For some pictures of the inside of the Langdon Mansion you can go here.
If you’re looking to add to your art collection of historic Elmira places you can find more information on buying this painting here.
Painting 38 – Lower Taughannock Falls
A little while back on Day 21 we talked about Taughannock Falls. Today’s painting is of the second waterfall in Taughannock State Park, Lower Falls. Don’t tell anyone, but I think I might like the Lower Falls better. There is just something about the way that the water cascades down the giant steps of rocks of this waterfall that is absolutely beautiful.
This particular waterfall you can just barely see from the road and it is the first along the path. It seems kind of small in the painting and in pictures but in real life it’s pretty large. It’s always interesting to see people waded in the water fishing in this spot. You really get a sense of the scale when you see a fully grown human next to it.
Original painting available for purchase.
Painting 39 – Ithaca Falls
Ithaca Falls is another beautiful waterfall that you can see from the road in downtown Ithaca. It’s a powerful waterfall that used to be used to power mills. The ruins of the old mills can still be seen if you look real close. The Ithaca Gun Company used to be located on the south end of the falls.

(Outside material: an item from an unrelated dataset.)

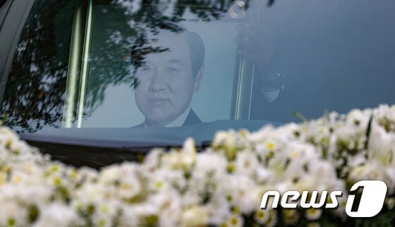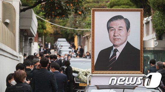 30일 오전 서울 서대문구에 위치한 사저에서 열린 고(故) 노태우 전 대통령의 노제를 마친 뒤 노 전 대통령의 영정이 운구차량에 놓이고 있다. 2021.10.30/뉴스1 © News1 박세연 기자 |

Since the day I found this waterfall, it’s been one of my favorites to visit during all different times of the year. It’s one of the larger waterfalls in the area and it’s a short walk to get close to the falls. There is a little bit of a hill to go down on the trail, so it might be a good one to break out the sneakers or boots for. I have a bad habit of wearing sandals while hiking and sometimes it makes things harder than they need to be.
If you’re looking to add to your waterfall art collection you can find more info about this painting here.

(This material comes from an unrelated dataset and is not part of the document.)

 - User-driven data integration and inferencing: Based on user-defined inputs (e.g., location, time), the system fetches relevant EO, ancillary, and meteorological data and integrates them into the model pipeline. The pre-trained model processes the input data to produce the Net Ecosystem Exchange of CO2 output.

Painting 40 – Hay Bales in Veteran
I’m not sure why, but round hay bales have always been fascinating to me. I think the way they look laying in fields is absolutely beautiful. This painting shows a field I walked by dotted with many round bales of hay.
Original painting available for purchase.
Painting 41 – Riverfront Park Fountain
Mark Twain Riverfront Park runs along the Chemung River in downtown Elmira. It’s a nice spot to stop to enjoy some shade and the beautiful fountain. I usually stop by this area during the Elmira Street Painting Festival in July. It’s a great time to walk downtown and spend time along the river.
I’m not sure how many people know this, but sometimes the city dyes the water to make it appear different colors. It’s pretty obvious when they add the pink for Breast Cancer Awareness but a lot of times it’s dyed a beautiful bright blue color like can be seen in the painting.
Original painting available.
Painting 42 – Chemung River from Main Street
This painting shows another scene from walking along the Chemung River during the Elmira Street Painting Festival. The Chemung River starts in Corning, New York from the Cohocton and Tioga Rivers. After flowing through Steuben and Chemung Counties it joins the Susquehanna River in Pennsylvania.
In this painting, the view is from Main Street looking towards Walnut Street. I think this is one of my favorite views in Elmira. I like how you can see the sky reflected back in the water, which makes every visit feel like you’re seeing the scene for the first time.
More information on the original painting here.
Do you have a favorite painting from this past week?